A. Tiering
Parties generally agreed that nonresidential use should not be tiered. Nonresidential classes, both commercial and industrial, capture a diverse body of energy users. We agree that tiering classes heterogeneous in size is inequitable and does not send the appropriate conservation signal.
Parties who proposed tiered nonresidential rates, such as TURN and the Farm Bureau did so to conform to the specifications of the March 26 ACR. TURN proposes an extremely low first tier, where the majority of usage would be captured in the second tier. It is essential that all nonresidential consumers, without regard of size conserve, since all usage contributes to the amount procured by the CDWR.
The record provides us with no basis to assume that customers who use more energy are necessarily inefficient. Tiering would punish larger consumers to the benefit of smaller consumers within that class, without regard to their efficiency. As Mr. Sterzinger noted, tiering is not required to provide conservation incentives. We stress that a conservation signal must be sent to encourage all customers, regardless of size, to conserve during this summer's supply shortage. At this point, we determine that a rate increase of 3 cents provides the appropriate conservation incentive and discourages biases based upon the size of a business.
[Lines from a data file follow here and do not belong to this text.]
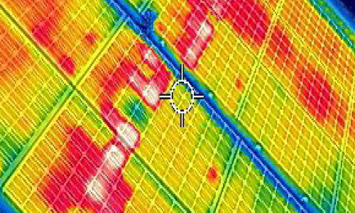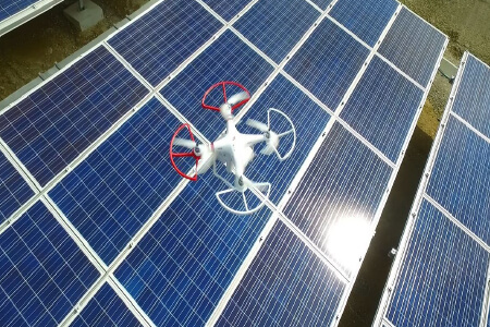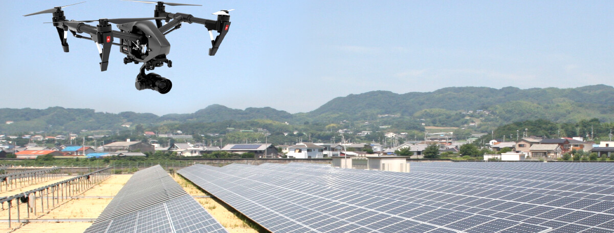 ドローン×サーモカメラの空撮により、太陽光発電パネルの異常個所を発見し、従来の人手による点検作業が省略化できます。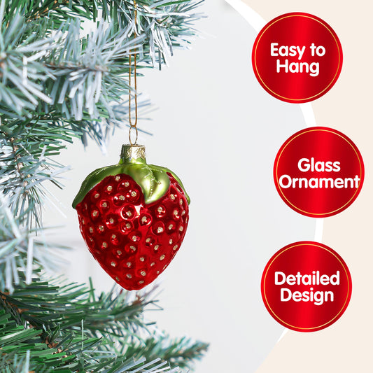 Strawberry Fruit Blown Glass Mini Christmas Ornaments for Christmas Tree Hanging Small Ornament Outdoor Christmas Decorations Indoor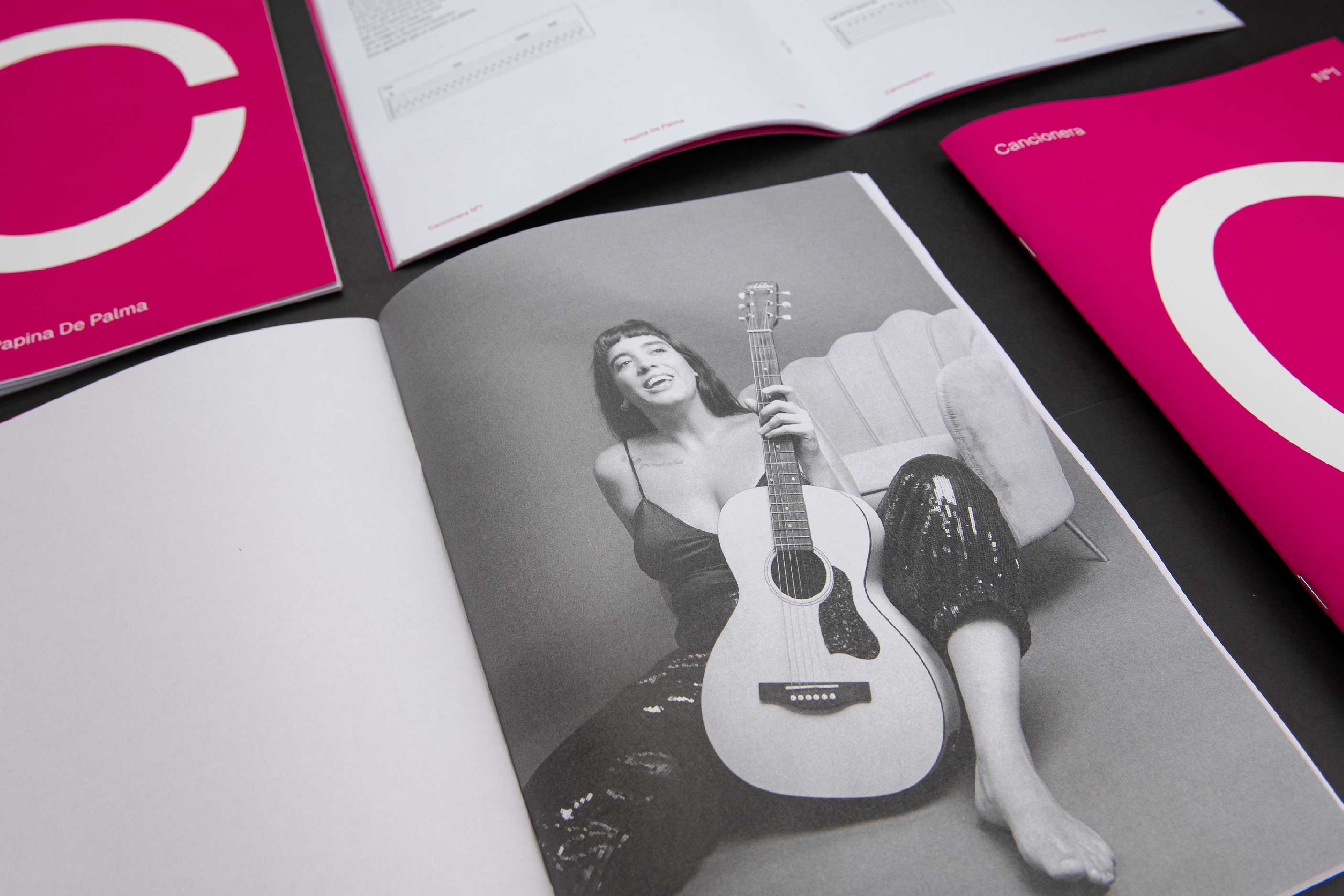 Diseño editorial de Cancionera Nº1 — Papina De Palma, primera publicación de una serie dedicada a cantautorxs uruguayxs contemporáneos.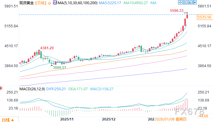 北京时间1月29日11:17 现货黄金 报 5534.56 美元/盎司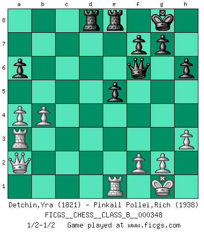 Last move : 1/2-1/2 2022 January 25 5:41:37 [Event "FICGS__CHESS__CLASS_B__000348"] [Site "FICGS"] [Date "2021.12.14"] [Round "1"] [White "Detchin,Yra"] [Black "Pinkall Pollei,Rich"] [Result "1/2-1/2"] [WhiteElo "1821"] [BlackElo "1938"] 1.e4 e5 2.Nf3 Nc6 3.Bb5 a6 4.Ba4 Nf6 5.O-O Be7 6.Re1 b5 7.Bb3 d6 8.c3 O-O 9.h3 Bb7 10.d4 Re8 11.Nbd2 Bf8 12.a4 h6 13.d5 Nb8 14.c4 bxc4 15.Bxc4 c6 16.dxc6 Bxc6 17.b3 Bb7 18.Ba3 Nbd7 19.Nh4 d5 20.exd5 Bxa3 21.Rxa3 Nxd5 22.Ne4 Qxh4 23.Bxd5 Bxd5 24.Qxd5 Nf6 25.Nxf6+ Qxf6 26.b4 Rad8 27.Qa2 1/2-1/2 Ruy Lopez : Closed Kingside Castling by player White (move 5) Kingside Castling by player Black (move 8) This chess game ended in a draw. Follow this game move after move (download)Fischer prefers to enter Chess history alone. (Miguel Najdorf) Ich möchte Schüler heranbilden, die das Vermögen haben, selbst zu denken und Kritik zu üben. (Emanuel Lasker) El Ajedrez es un terrible juego. Si no controlas el centro, tu oponente tiene una posición mas holgada. Si tienes control del centro, ¡entonces realmente tu tienes algo de que preocuparte!. (Siegbert Tarrasch) Aucun coup ne doit être joué sans but. (Pedro Damiano) Quotation,n.: The act of repeating erroneously the words of another. The words erroneously repeated. (Ambrose Bierce, The Devil's Dictionary)

One alternative to tiering discussed in the hearing is special rates by SIC classification. Identification by SIC classifications do not solve the problems associated with tiering because they predict neither energy efficiency nor usage. Tiering based on SIC classification data available is not likely to be equitable, nor would it provide a meaningful conservation signal. There is neither appropriate time nor sufficient information to create specialized rates during this proceeding. Further, neither utility has the SIC classifications of their consumers and would require significant billing system changes before implementation. We reject tiering on the basis of industry codes at this time.
We intend to further investigate the idea of industry-specific rates. We are open to further investigate whether more specialized SIC classifications could help us develop a more equitable rate structure. We direct the utilities to collect SIC classification data from their customers in an effort to understand whether a more detailed system of rate design by SIC classification should be available in future rate design proceedings.
Another tiering alternative discussed for nonresidential consumers is creating tiers based upon the customer's historic usage. This approach seeks to remove some of the unfairness in nonresidential tiering, but this indexing ultimately may present several problems. Possible problems arising from tiering by usage history include potential gaming of meters, punishment for seasonal variation, and the tiering would be difficult to implement for new or expanding businesses. In essence, selecting a baseline based upon prior year consumption punishes companies for expansion, regardless of their level of efficiency. We do not seek to penalize efficient business growth. The record does not support tiering by usage history, therefore, we reject it.
A tiering based upon baseline rates also would reward inefficient users compared to efficient users. Those most able to conserve are those customers who have not invested in energy efficient equipment. Those who remain efficient would see little benefit.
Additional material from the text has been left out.